Encoder-Decoder and Transformers

Encoder-Decoder

Encoder-Decoder architecture is based on Recurrent Neural Network(RNN). In RNN, we have a hidden state $h$ which takes a variable length sequence $X = (x_{1},x_{2},\cdots, x_{T})$ to generate output $y$. At any time step $t$, hidden state $h_{t}$ is updated by:

\[h_{t} = f(h_{t-1},x_{t})\]

where $f$ is a non-linear activation function. It can be element-wise sigmoid function or LSTM. Output at eah time step is the conditional distribution $\displaystyle p(x_{t} \lvert x_{t-1},\cdots x_{1})$

In Encoder-Decoder, we have a RNN encoder that encodes a variable-length sequence into a fixed-length vector, and a RNN decoder that decodes fixed-length vector back to variable-length sequence. Mathematically, it is a method to learn the conditional distribution over a variable-length sequence conditioned on yet another variable-length sequence e.g, $P(y_{1},y_{2},\cdots,y_{T'} ∣ x_{1},x_{2},\cdots,x_{T})$, where importantly, input sequence $T$ and output sequence $T^{'}$ could vary. After reading each input at all time steps, hidden state of encoder RNN is a summary $C$ of whole input sequence as shown in image below :

ENCDEC

RNN Encoder-Decoder Architecture

Next decoder generate the output sequence by predicting the next symbol $y_{t}$. Here, in RNN decoder both $y_{t}$ and $h_{t}$ is conditioined on $y_{t-1}$ and summary (or context vector) $C$. Thus, hidden state of decoder can be computed by :

\[h_{t} = f(h_{t-1}, y_{t-1},C)\]

Decoder defines a probability over the translation $y$ by decomposing the joint probability into the ordered conditional :

\[P(y) = \Pi_{t=1}^{T} p(y_{t} ∣ \left(y_{1},\cdots,y_{t-1}\right),c) \notag\]

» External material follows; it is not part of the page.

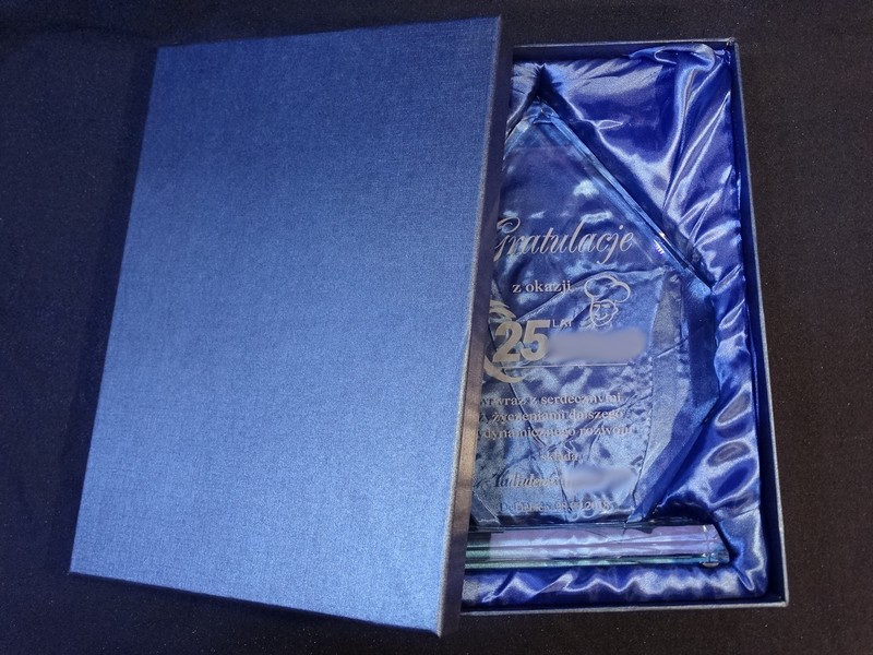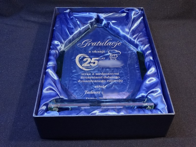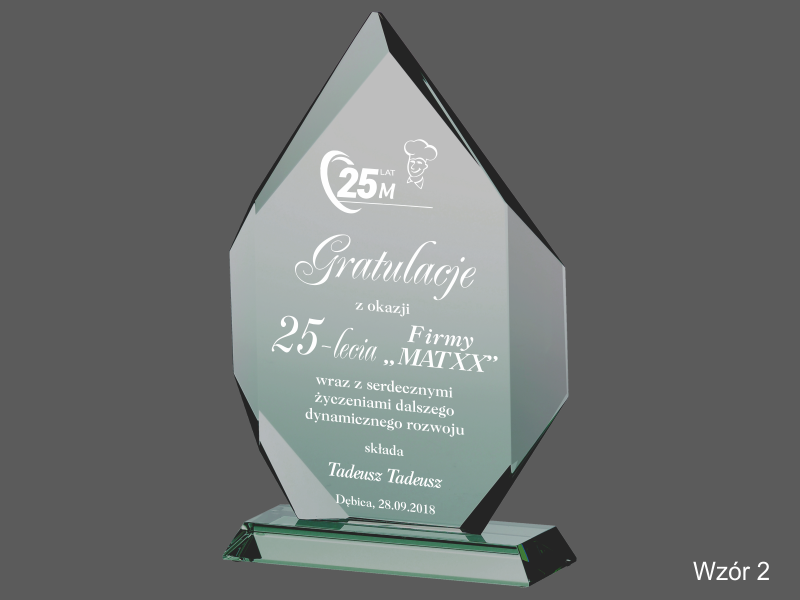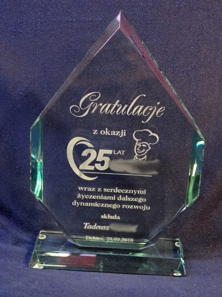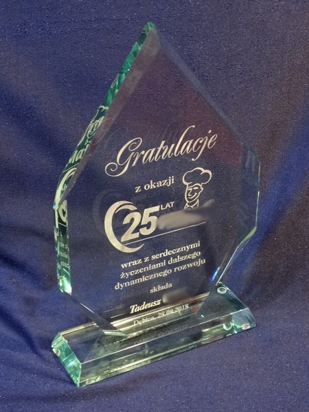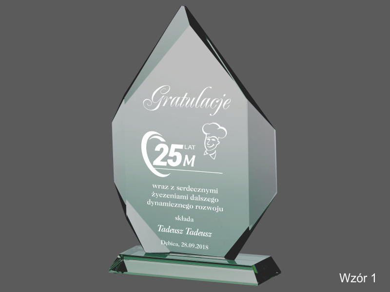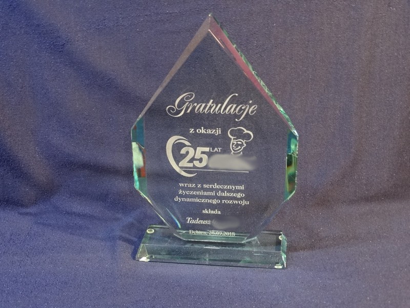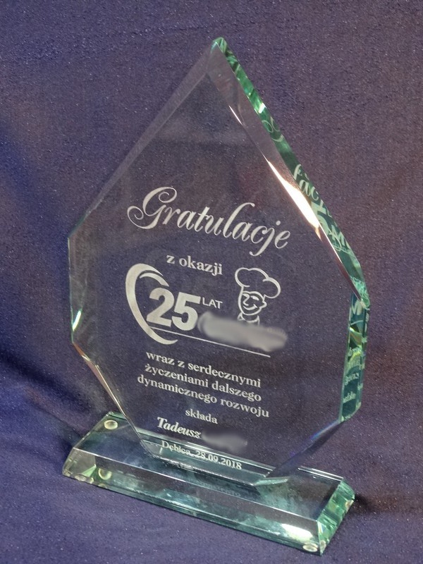 Pamiątkowa statuetka szklana G018 z grubego szlifowanego szkła z grawerem dedykacji z Gratulacjami z okazji Jubileuszu działalności Firmy.

and the conditional distribution of the next symbol is (if $g$ represents activation such as soft-max) :

\[P(y_{t} ∣ y_{t-1},y_{t-2},\cdots,y_{1},C) = g(h_{t},y_{t-1},C)\]

This model of RNN Encoder-Decoder then jointly trained to maximize the conditional log-likelihood

\[\begin{equation} \max_{θ}\, \frac{1}{N} \, \sum\limits_{n=1}^{N} \text{log}\,\,p_{θ}(y_{n} \lvert X_{n}) \end{equation}\]

where $\theta$ is the set of the model parameters and each $(x_{n},y_{n})$ is an (input sequence, output sequence) pair from training set.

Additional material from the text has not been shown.